PROBLEM DETAILS: Without any of its pictures, the listing below should be output exactly.

COLLECTED DATA:
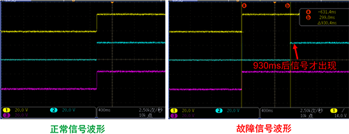 昌暉儀表曾經(jīng)處理過多起類似故障,以某現(xiàn)場電梯控制系統(tǒng)丟失信號為例,示波器抓取的電壓信號顯示,觸頭導通信號延遲930ms后再出現(xiàn),這早就超過了系統(tǒng)設(shè)定的檢測時間,所以會經(jīng)常報錯。
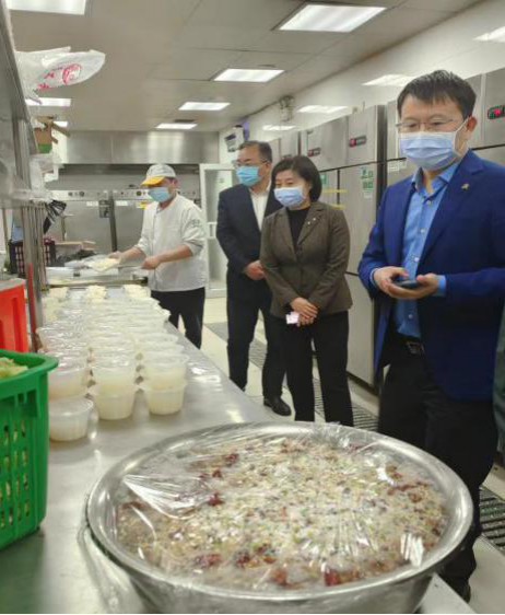 為保證駐守崗位的近兩千人用餐,5月3日深夜返崗?fù)局芯o急聯(lián)系食堂的供貨商,配送肉蛋、蔬菜、大米、面粉等食材。每天盡全力保證一日四餐、近萬人次的用餐需求,除了食材充足不斷供,背后還有不斷摸索、完善的管理經(jīng)驗(yàn):為保證餐食足量不浪費(fèi),根據(jù)系統(tǒng)數(shù)據(jù)掌握自有人員就餐人數(shù),保持菜品質(zhì)量、品種不受影響;為保證外包人員的就餐秩序,食堂與各外包公司建立微信群,提前報(bào)備人數(shù),以公司為單位有序分發(fā)預(yù)先裝好的餐盒,指定專人領(lǐng)取,分區(qū)域就餐,有效避免人員聚集。
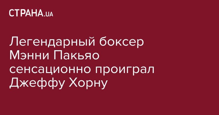 Легендарный боксер Мэнни Пакьяо сенсационно проиграл Джеффу Хорну

OUTPUT:
 昌暉儀表曾經(jīng)處理過多起類似故障,以某現(xiàn)場電梯控制系統(tǒng)丟失信號為例,示波器抓取的電壓信號顯示,觸頭導通信號延遲930ms后再出現(xiàn),這早就超過了系統(tǒng)設(shè)定的檢測時間,所以會經(jīng)常報錯。
 為保證駐守崗位的近兩千人用餐,5月3日深夜返崗?fù)局芯o急聯(lián)系食堂的供貨商,配送肉蛋、蔬菜、大米、面粉等食材。每天盡全力保證一日四餐、近萬人次的用餐需求,除了食材充足不斷供,背后還有不斷摸索、完善的管理經(jīng)驗(yàn):為保證餐食足量不浪費(fèi),根據(jù)系統(tǒng)數(shù)據(jù)掌握自有人員就餐人數(shù),保持菜品質(zhì)量、品種不受影響;為保證外包人員的就餐秩序,食堂與各外包公司建立微信群,提前報(bào)備人數(shù),以公司為單位有序分發(fā)預(yù)先裝好的餐盒,指定專人領(lǐng)取,分區(qū)域就餐,有效避免人員聚集。
 Легендарный боксер Мэнни Пакьяо сенсационно проиграл Джеффу Хорну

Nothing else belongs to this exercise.